I had the cam belt etc... Inc new metal impeller water pump and a new thermostat, I spoke to Midland VW and they said they always use 87 degree thermostats irrespective (whether that is based on a deliberate choice or just unaware of the change to 82 degree after '03 I don't know?)

The car now runs at 95 - 98 degrees on the same motorway drive and I expected it to get above 100 in traffic based on this but so far I have seen no more than 98 degrees (CC 49C) I will see if this is still true when I have done a little more driving in traffic.
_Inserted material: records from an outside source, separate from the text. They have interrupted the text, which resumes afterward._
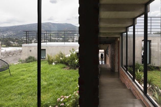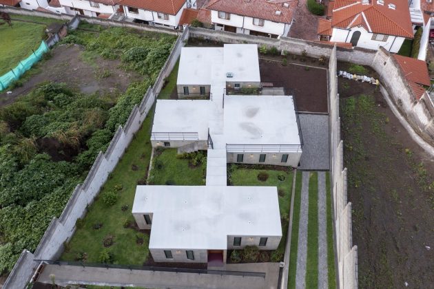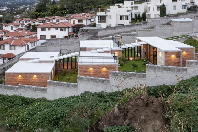 Rather than hiding the slope, the architecture uses it. Each block is elevated to align with its own garden or terrace, creating outdoor spaces at interior-level height. The staggered volumes step down the site, and walkable rooftops tie together the blocks while delivering additional outdoor surfaces and vantage points. Views toward Ilaló volcano and the valley are activated from multiple levels.
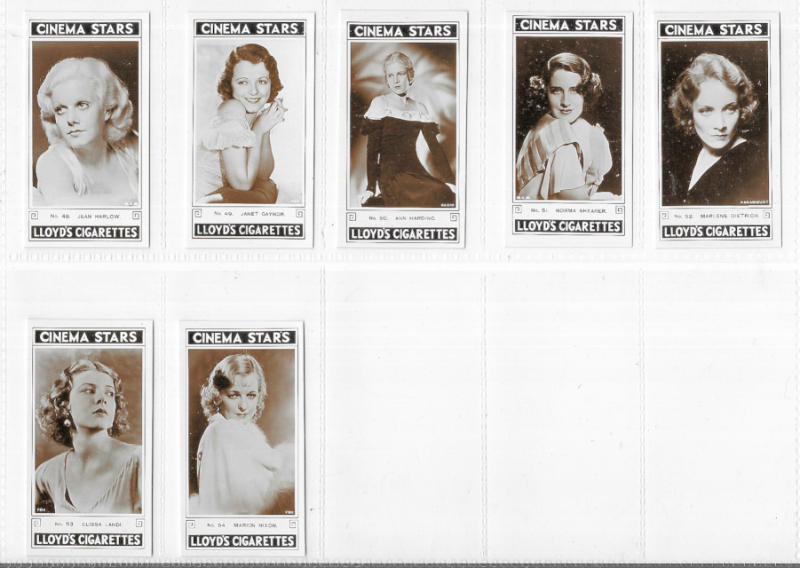 Richard Lloyd Cinema Stars #28 to 54, including Garbo, Dietrich, Clark Gable etc, excellent condition.
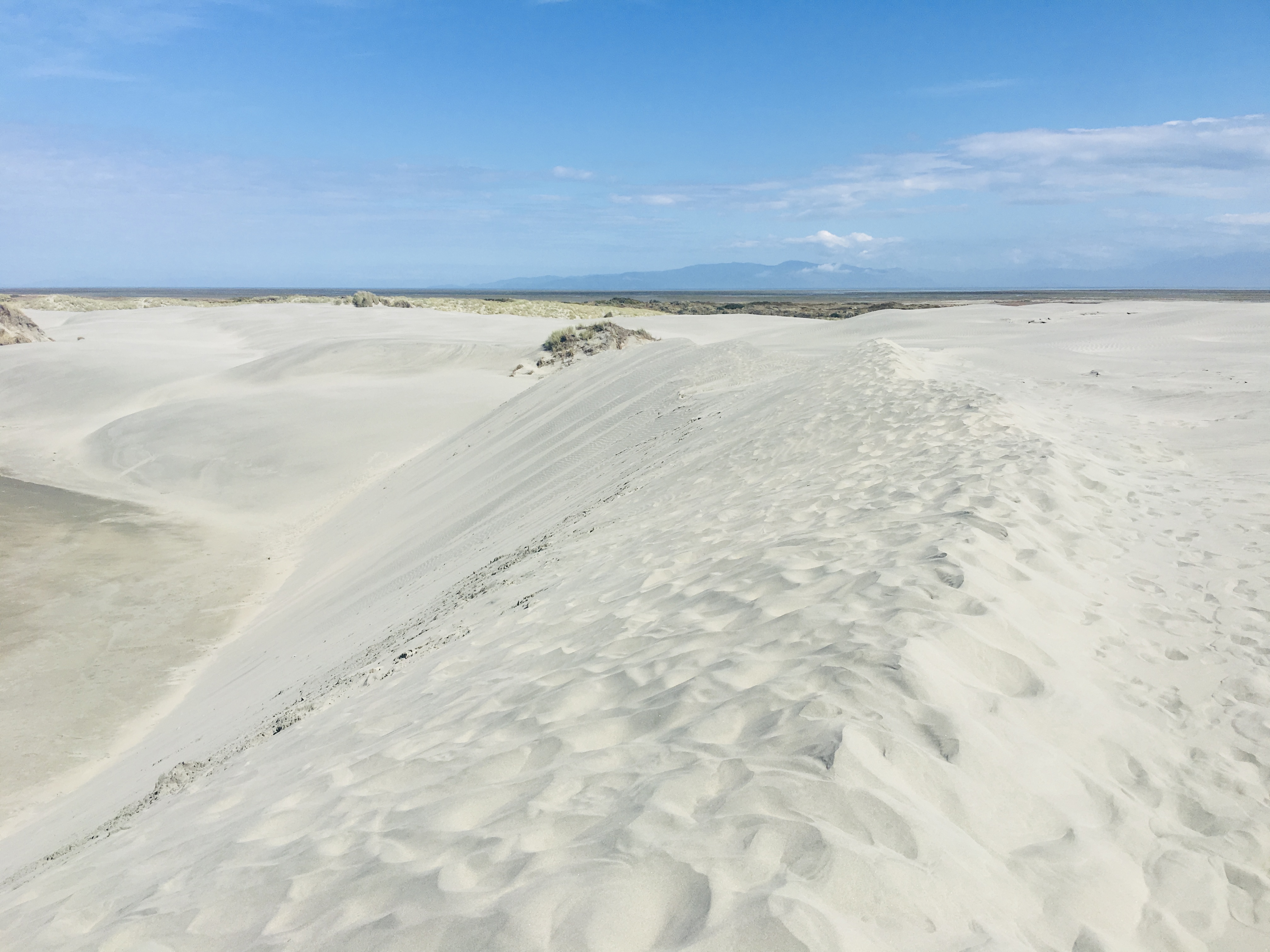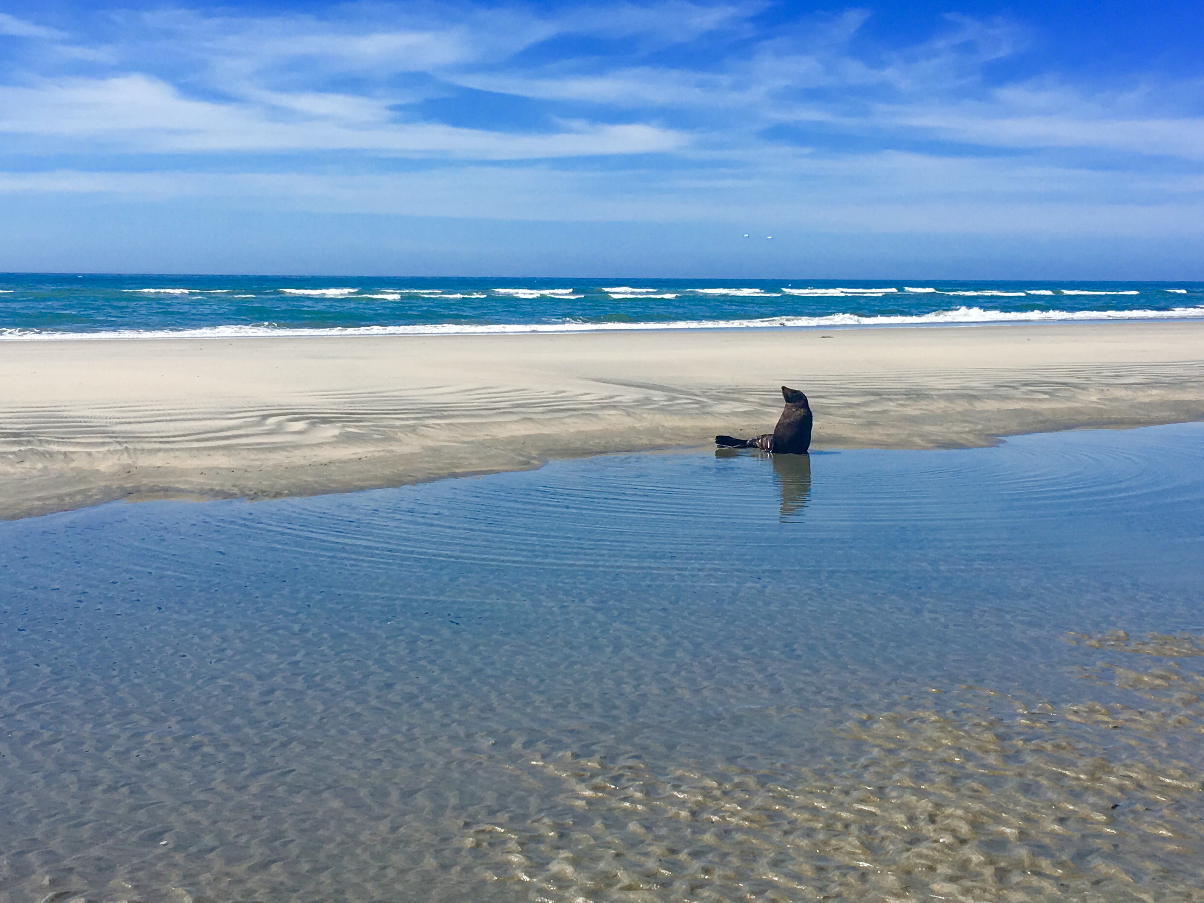 Einmal mehr zeigte sich Neuseeland in einer ganz neuen Form. Von den mit Gras bewachsenen Klippen, welche ins Meer mündeten, folgte eine immer kargere Landschaft. Das wilde Meer immer im Blick, zeigten sich die ersten Sanddünen, welche nicht enden zu sein schienen. Bestieg man eine grössere Sanddüne, konnte man von der einen Meerseite zur anderen blicken. Nebst den unterschiedlichen Wasservögel, sassen da auch Robben und liessen ihre Bäuche in der Sonne wärmen.
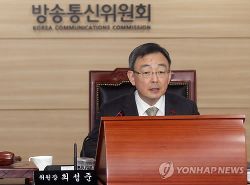 | △ 방통위 전체회의 주재하는 최성준 위원장 (서울=연합뉴스) 최성준 방송통신위원회 위원장이 19일 정부과천청사에서 방통위 전체회의를 주재하고 있다. 2014.12.19 << 방송통신위원회 제공 >> photo@yna.co.kr |

Strangely having done quite a few VCDS data logs now and watching the water temp live in VCDS it is always 1 - 2 degrees lower than the CC 49C temp, such that the plotted data logs suggest a running temp of 93 -96 degrees

Possibly the difference between the two thermistor outputs from the coolant temp sensor?

Cheers


----------



## horneteer (Oct 21, 2008)

I have experienced something similar. The temperature gauge on my remapped 180 started intermittently dropping below the 90 mark. In my case the temperature sender was faulty but I had both the temperature sender and thermostat replaced. The car now runs at 94 to 98 degrees. I also have a new metal impeller water pump.
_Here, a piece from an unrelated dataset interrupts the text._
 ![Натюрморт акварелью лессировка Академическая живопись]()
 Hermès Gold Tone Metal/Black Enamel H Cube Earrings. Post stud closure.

I have some thoughts on why my car and possibly also yours appears to run a little hot. One is that the new thermostat may not be opening up fully, either because it is new and it needs to bed in or because it is faulty. I recall reading here a similar story about a car running a few degrees above 90 when the thermostat was new.

The other more worrying possibility could be that the thermostat is functioning properly but not enough oil is being circulated through the engine due to a partially blocked strainer. Mine has covered about 90k miles and I am not aware of the strainer ever having been cleaned or changed.
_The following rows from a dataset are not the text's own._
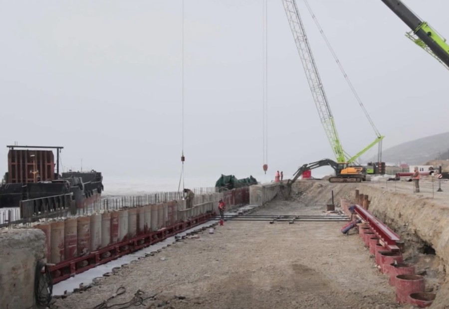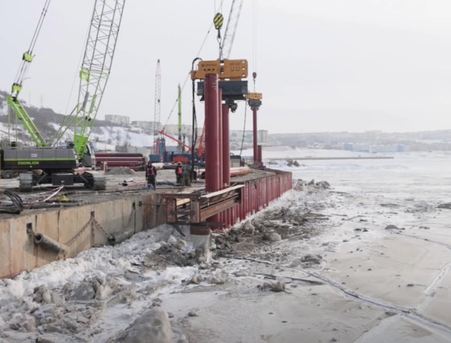 Но пока главной сложностью остаются льды. К работе в одной их самых северных судоходных бухт России пришлось приноровиться. Строители в буквальном смысле борются со льдом, который вдавливает причальную стенку к берегу. Процессу сопротивляются, используя различные приспособления, проект и технологические подходы корректируют в ходе работ.
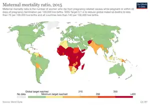 Target 3.1 aims to reduce maternal mortality to less than 70 deaths per 100,000 live births.[16] Though the maternal mortality ratio declined by 37 percent between 2000 and 2015, there were approximately 303,000 maternal deaths worldwide in 2015, most from preventable causes.[9] In 2015, maternal health conditions were also the leading cause of death among girls aged 15–19.[9] Data for girls of greatest concern – those aged between 10 and 14 years is currently unavailable. Key strategies for meeting SDG 3 will be to reduce adolescent pregnancy (which is strongly linked to gender equality), provide better data for all women and girls, and achieve universal coverage of skilled birth attendants.[9]
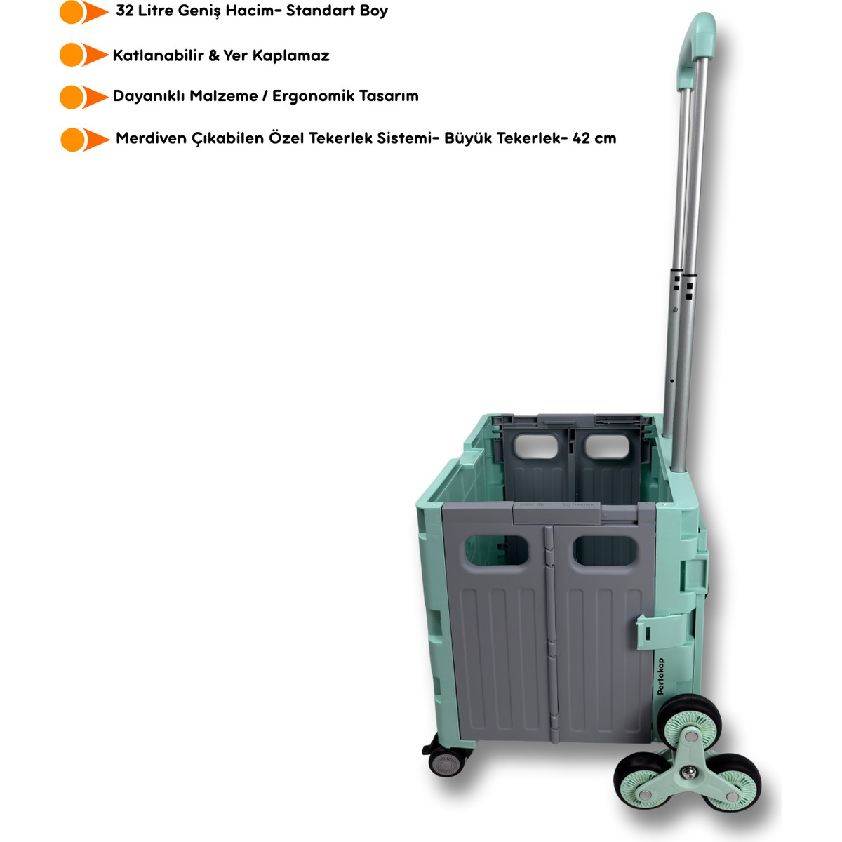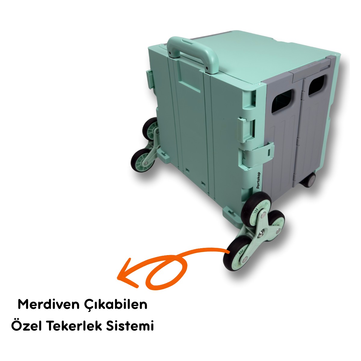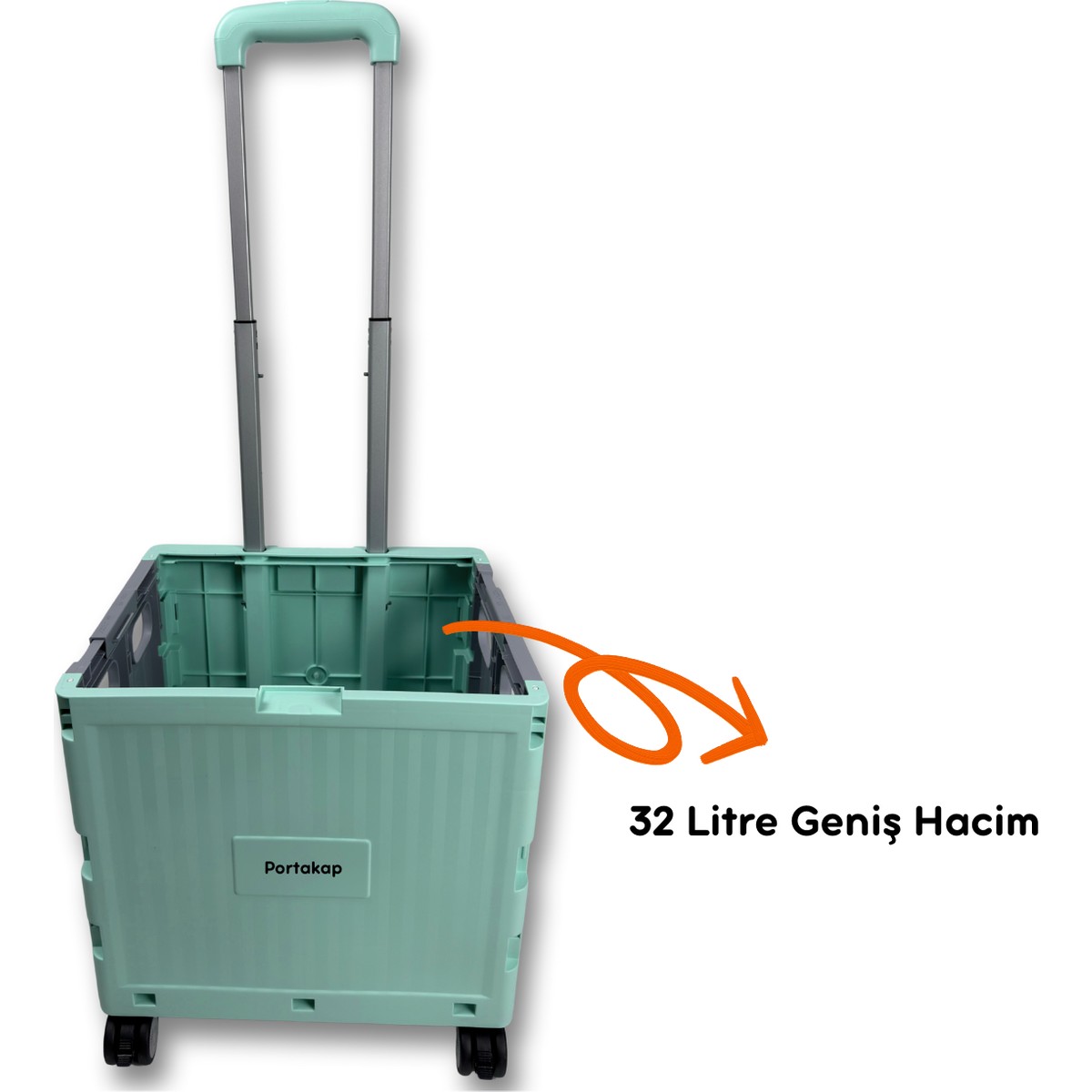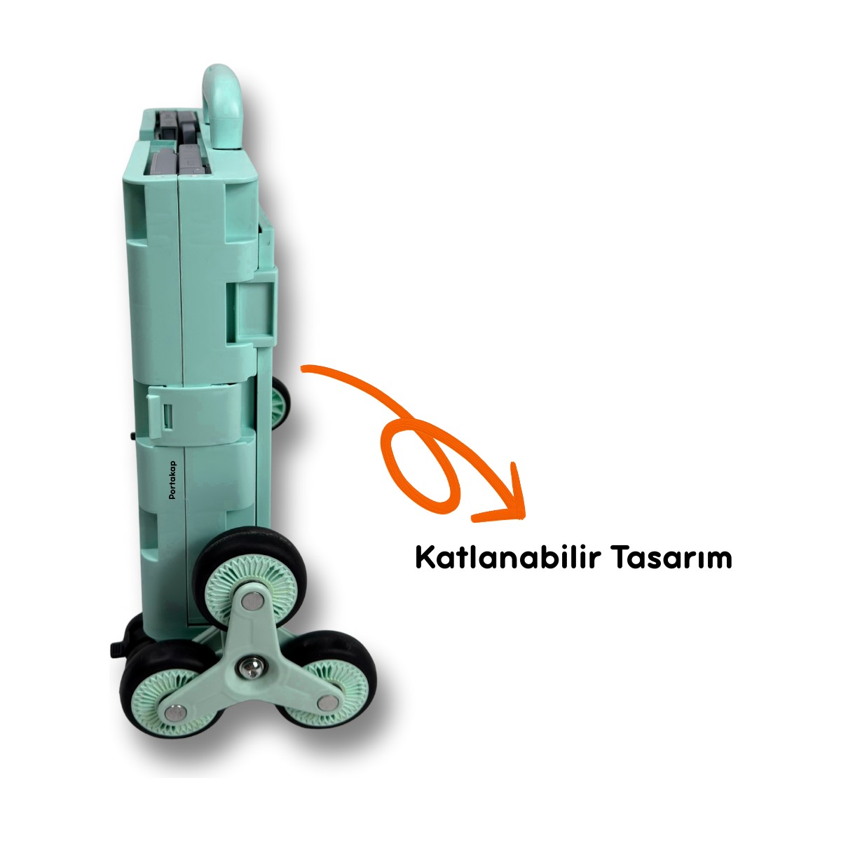 Portakap 32 Litre Yeşil Katlanır Alışveriş Arabası; kompakt tasarımı, 8 tekerlekli merdiven çıkabilen yapısı ve sabit tutacaklı formu ile şehir yaşamında pratik çözümler sunar.

I would think that in your case, since the thermostat appears to have been the cause of cooler temperatures, the thermostat is capable of lowering the temperature below 90. So possibly your new thermostat is not opening fully, for whatever reason.

Hope this helps

Cheers
H


----------



## Hoggy (May 8, 2002)

Hi, If an 87 degree thermostat is fitted, then it does not start to open until 87, so will always run at a higher temp than an 82, which will start to open at 82.. 
Hoggy.


----------



## SpencerD (Oct 21, 2011)

This shows two logs of coolant temperature on the same motorway journey

Ambient temp was a couple of degrees different between the two days










Hi Hoggy, yes I understand an 87 thermostat will runner hotter than an 82 degree, just trying to see what coolant temp anyone else sees in normal use.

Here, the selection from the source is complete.